In Florida, your property value is higher, because it gets so much more use and is much more enjoyable.  For anyone house shopping, a screened enclosure is one of the best ways to prevent fishing for leaves, bugs, and other critters.  It has made a huge difference, but I didn’t realize how big a difference it made until Irma came and tore down my screens.  I feel like all I do now is fish for leaves.  I’m looking forward to the screen replacement for my enclosure, and have been on the waitlist for months.

Hiring a Pool Guy

The cost of a weekly pool maintenance person was in the range of $80-120 per month.  They come once per week, cleaning out the pool and filter and checking on the chemicals.  I hired someone in the beginning, since I was brand new to pool ownership.  I received various recommendations from neighbors for services, and settled on a one-man operation that charged $100/month.

Learning How to Maintain

From my lovely pool man, I enjoyed one month of maintenance, and the opportunity to learn how to clean and maintain the pool myself.  This was $100 well spent, as he showed me the exact techniques for my own pool and spa areas.  He also explained what tools I actually needed, and mentioned tools to avoid.

A pool pump needs to run about 8 hours a day minimum depending on the size of the pool. If water sits, it breeds mosquitoes and frogs.  Everyone should invest in a timer if the pool doesn’t have one already.  The added electricity cost was about $30 a month with timer and my slightly older pump compared to the month where I moved in and everything for the pool was off.  New pumps get quoted in price ranges all over the place, from $300 up to $1800.  I’ve given up researching until after my current pump dies.

Tools for the Job

My vacuum cost $35 for the pool hose, $15 for the vacuum head, and I got a pole and deep net, skimmer and brush on sale at the local pool store (maybe another $50).

I take the pool water in for free to get it tested at the local pool store.  Although they try to sell you chemicals for the service, you can say no.  For chlorine and shock and other chemicals as needed (don’t stock up on anything except chlorine and shock), Home Depot and Lowes are often far cheaper.  I use one bag of shock after a rain storm, and 2-3 bags after any flooding/hurricanes.  I buy giant tubs of chlorine and add the tabs to the chlorinators weekly (approximately $70 every four months).

For the filters and fun stuff like floaties and ducky chlorinators, Amazon is my best friend.

I try to avoid filling water, so I use a solar cover (acquired for free from Craigslist) for the pool when it’s not in use/during colder months to lessen the evaporation.

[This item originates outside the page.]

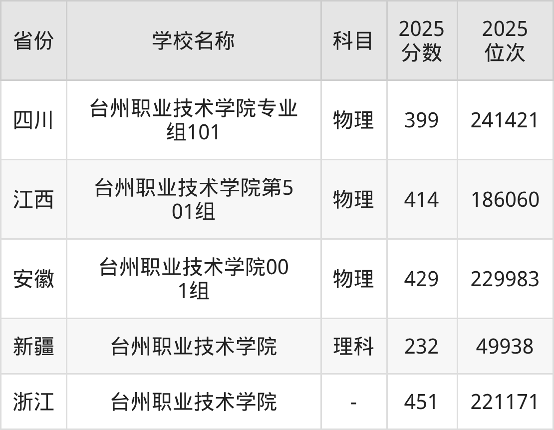 2025年台州职业技术学院在全国各省专科的最低录取分数线在232~451分之间。浙江高考生最低451分能上台州职业技术学院、安徽物理类高考生最低429分能上台州职业技术学院……下文将展示台州职业技术学院在全国5个高考省份中的专科最低投档录取分汇总!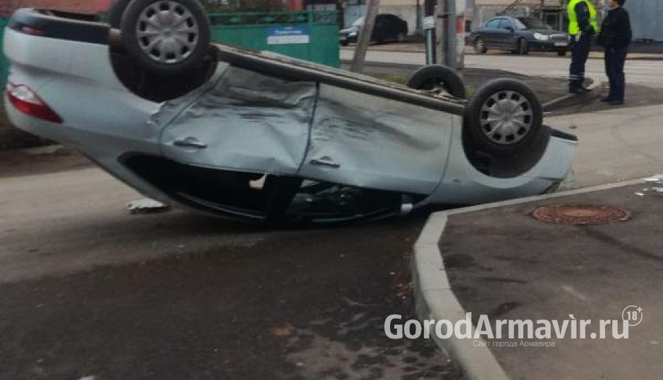 В результате ДТП в Армавире Nissan ALMERA перевернулся на крышу

During this time, I don’t bother cleaning much (leaves stay on top) but still do the chemicals and the pump still runs. Rain fills the pool for the most part.

Time Well Spent?

Overall maintenance is an hour a week to add chlorine tablets to the chlorinators, empty the skimmer and then skim with nets and pole, brush the sides, get any leaves or critters, and clean the filter.  Usually once a month, I will take about an hour to vacuum.  It’s actually not bad, now that I know what I’m doing.  I will definitely say having a pool is a huge draw for my Airbnb business.

If you are on the fence or leaning toward not wanting a pool, keep looking for a house without. It’s not bad, but as someone who doesn’t use it, I could definitely be spending my time and money in better ways.

One Reply to “The Pool I Didn’t Want / Pool Maintenance 101”

  1. Your site has some great stuff…straight up and to the point. At such a young age! Go you! The AirBnB hack is such a great idea! And your reported passion for it is amazing. You really found a lifestyle that works for you…it’s great to see that.